Quand je considère Diogène passant sa vie dans un tonneau, je le regarde comme un martyr perpétuel de sa vanité. Sa prétendue mortification & son austérité étoient les suites de son orgueil. Platon, dont le mérite réel n’avoit pas besoin d’être relevé par toutes ces mommeries, se promenant avec ses amis le long d’une rivière, quelqu’un d’entr’eux lui fit appercevoir Diogène qui étoit dans l’eau jusqu’au menton. C’étoit dans les plus grands froids de l’hyver : la superficie du fleuve étoit glacée, à la réserve du trou que Diogène avoit fait lui-même. Ne le regardez pas, & détournez les yeux d’un autre côté, dit Platon à son ami, il sortira bien-tôt de l’eau ; car il ne s’est donné la peine de s’y mettre, que parce qu’il nous a vû venir.

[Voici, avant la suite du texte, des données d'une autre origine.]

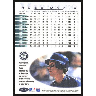 This is a 1996 Fleer Update Russ Davis baseball card. The card is #U78 and pictures show condition.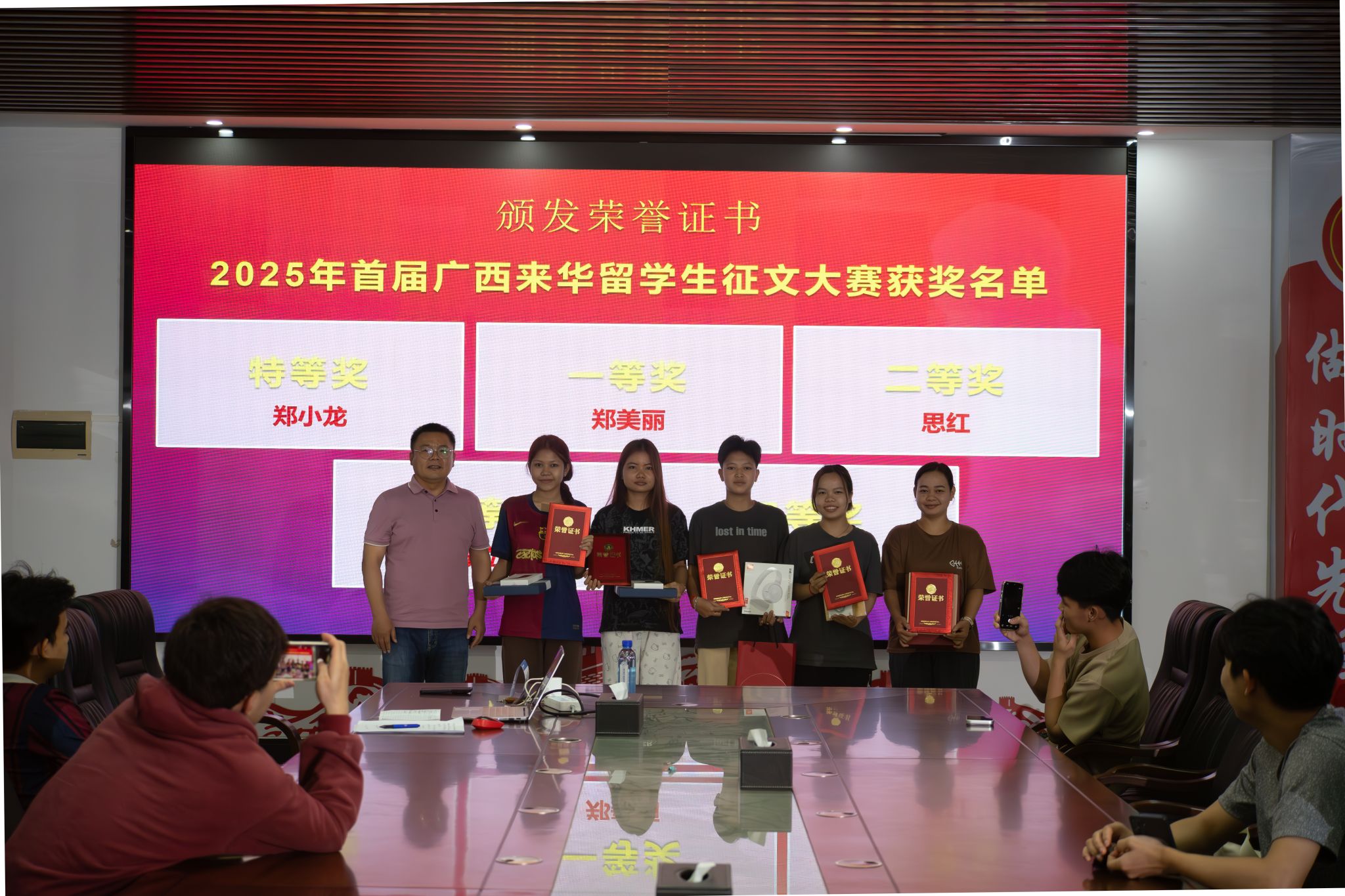 随后,张宗华为在2025年首届广西来华留学生征文大赛中获奖的同学颁发了奖品,并勉励他们珍惜荣誉、再接再厉,用文字和行动讲好中国故事、传播友好声音。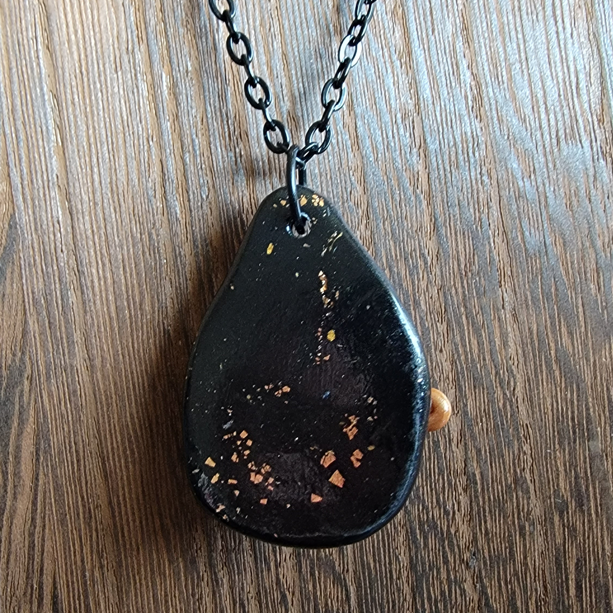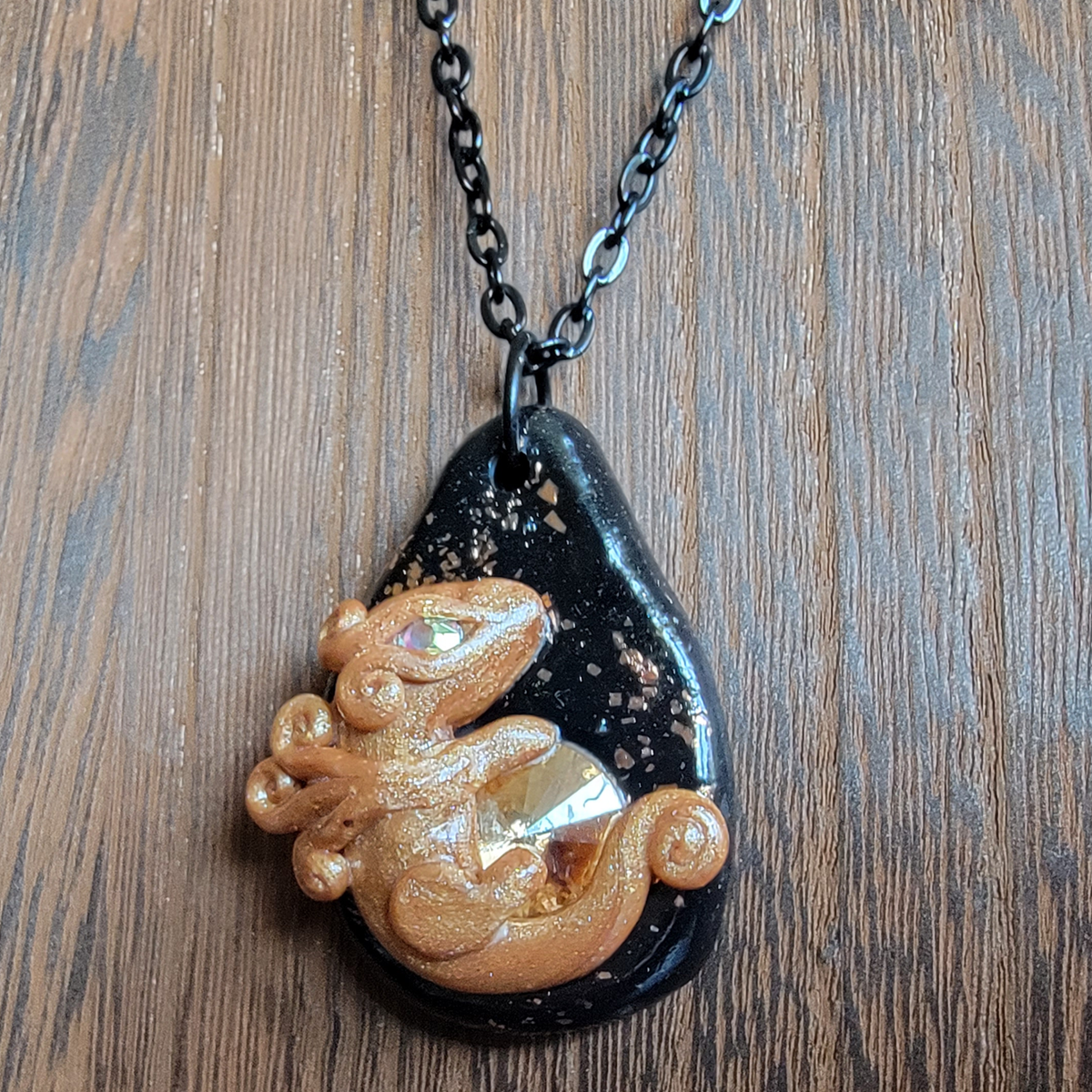 The this little shimmery rose gold dragon is hand sculpted and has a Preciosa rhinestone eye. The background is black with imitation rose gold foil flakes. The pendant has been sealed with a glaze for extra shine and protection.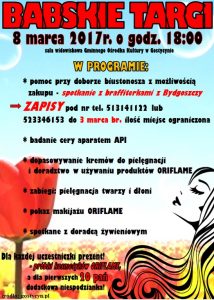 Gminny Ośrodek Kultury w Gostycynie zaprasza na „Babskie Targi”, które odbędą się 8 marca (środa), o godz. 18:00. Uwaga! Liczba miejsc ograniczona.

Le mépris que Platon faisoit des folies de Diogène, lui attira la haine de ce cynique. Il vint un jour chez lui ; & marchant avec beaucoup de mépris sur les riches tapis qui couvroient le pavé de la salle. Voyez, dit-il, comme je foule aux pieds l’orgueil de Platon. Oui, lui répondit Platon, mais avec beaucoup plus d’orgueil encore.